§ What is required: All lines from the one containing "高濃度廢水經酸化水解—厭氧消" to the end of the listing below should be output exactly; omit the pictures.

§ The data:
= Beginning of Section =

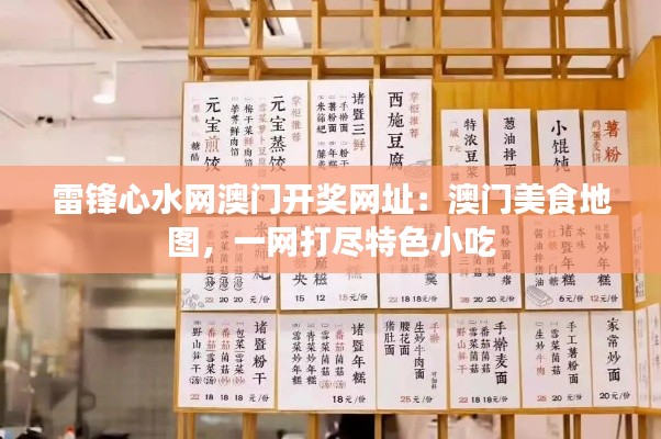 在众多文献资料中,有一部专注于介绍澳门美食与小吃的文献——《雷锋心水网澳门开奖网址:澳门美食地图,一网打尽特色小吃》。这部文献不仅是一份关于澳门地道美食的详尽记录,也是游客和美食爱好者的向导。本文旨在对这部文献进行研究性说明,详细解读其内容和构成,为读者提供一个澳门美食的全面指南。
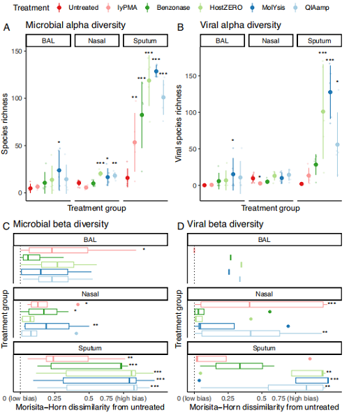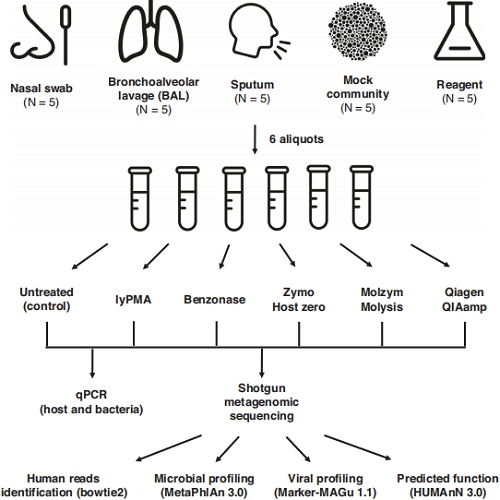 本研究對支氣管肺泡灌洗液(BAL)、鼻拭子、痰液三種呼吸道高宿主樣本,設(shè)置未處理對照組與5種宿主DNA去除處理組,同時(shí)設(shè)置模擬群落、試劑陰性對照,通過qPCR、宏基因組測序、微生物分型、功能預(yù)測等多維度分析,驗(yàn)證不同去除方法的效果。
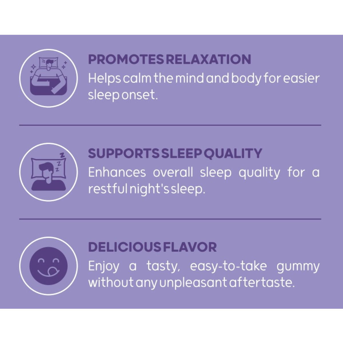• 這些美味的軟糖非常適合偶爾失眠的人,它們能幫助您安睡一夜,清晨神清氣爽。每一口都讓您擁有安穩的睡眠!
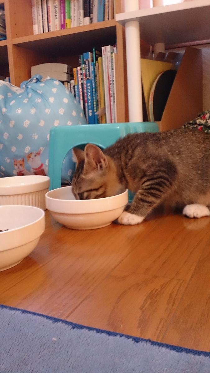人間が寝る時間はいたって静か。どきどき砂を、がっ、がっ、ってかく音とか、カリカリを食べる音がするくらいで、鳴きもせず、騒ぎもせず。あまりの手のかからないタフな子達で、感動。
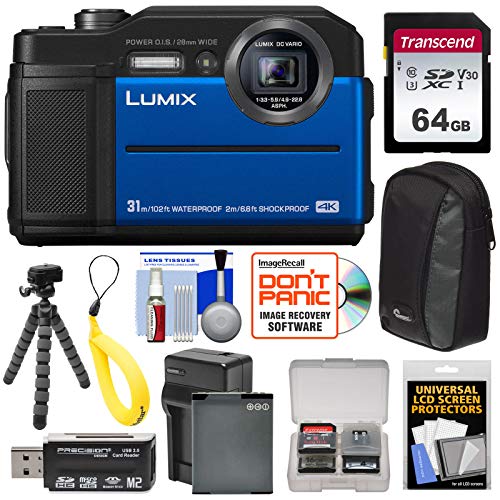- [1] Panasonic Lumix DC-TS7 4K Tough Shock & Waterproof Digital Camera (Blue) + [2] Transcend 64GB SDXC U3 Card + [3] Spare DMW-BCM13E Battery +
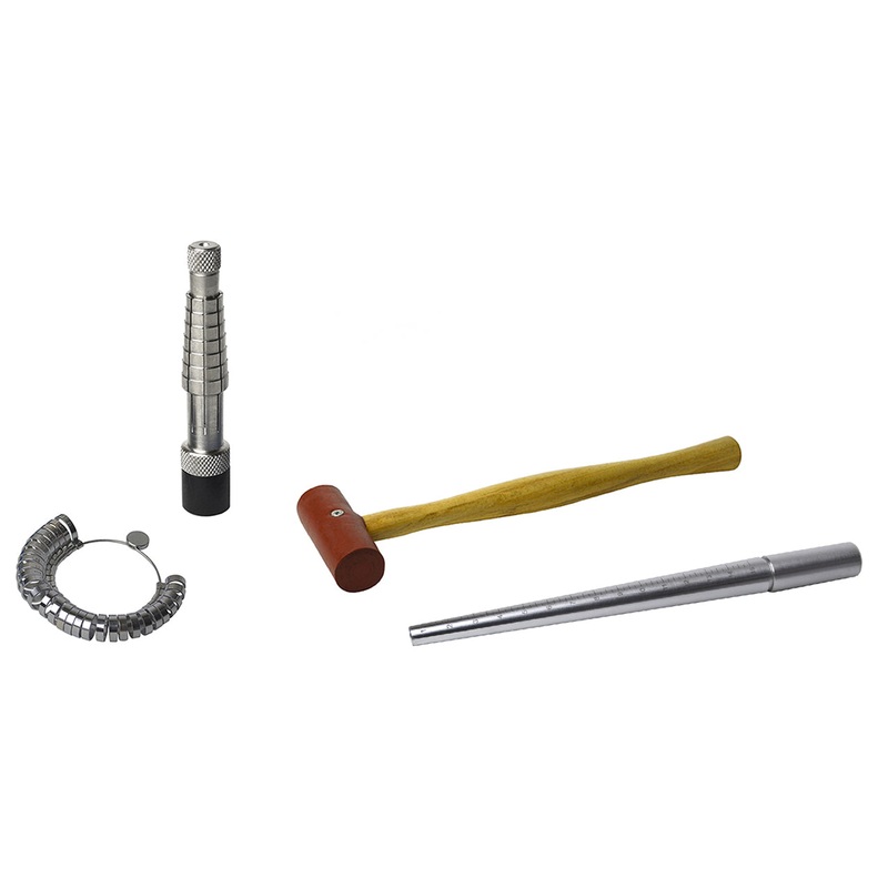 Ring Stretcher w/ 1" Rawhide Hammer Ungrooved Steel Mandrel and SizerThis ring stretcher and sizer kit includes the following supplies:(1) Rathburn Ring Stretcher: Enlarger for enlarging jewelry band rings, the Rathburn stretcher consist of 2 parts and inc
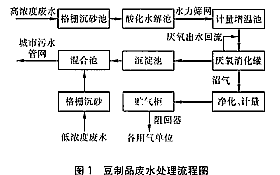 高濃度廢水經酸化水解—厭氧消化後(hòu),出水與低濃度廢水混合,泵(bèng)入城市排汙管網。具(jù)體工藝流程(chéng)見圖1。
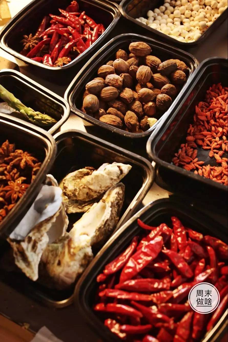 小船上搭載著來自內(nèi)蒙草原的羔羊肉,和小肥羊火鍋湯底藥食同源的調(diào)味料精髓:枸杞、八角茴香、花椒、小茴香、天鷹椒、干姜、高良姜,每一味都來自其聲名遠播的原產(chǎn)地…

= End of Section =

§ Output for this exercise:
 高濃度廢水經酸化水解—厭氧消化後(hòu),出水與低濃度廢水混合,泵(bèng)入城市排汙管網。具(jù)體工藝流程(chéng)見圖1。
 小船上搭載著來自內(nèi)蒙草原的羔羊肉,和小肥羊火鍋湯底藥食同源的調(diào)味料精髓:枸杞、八角茴香、花椒、小茴香、天鷹椒、干姜、高良姜,每一味都來自其聲名遠播的原產(chǎn)地…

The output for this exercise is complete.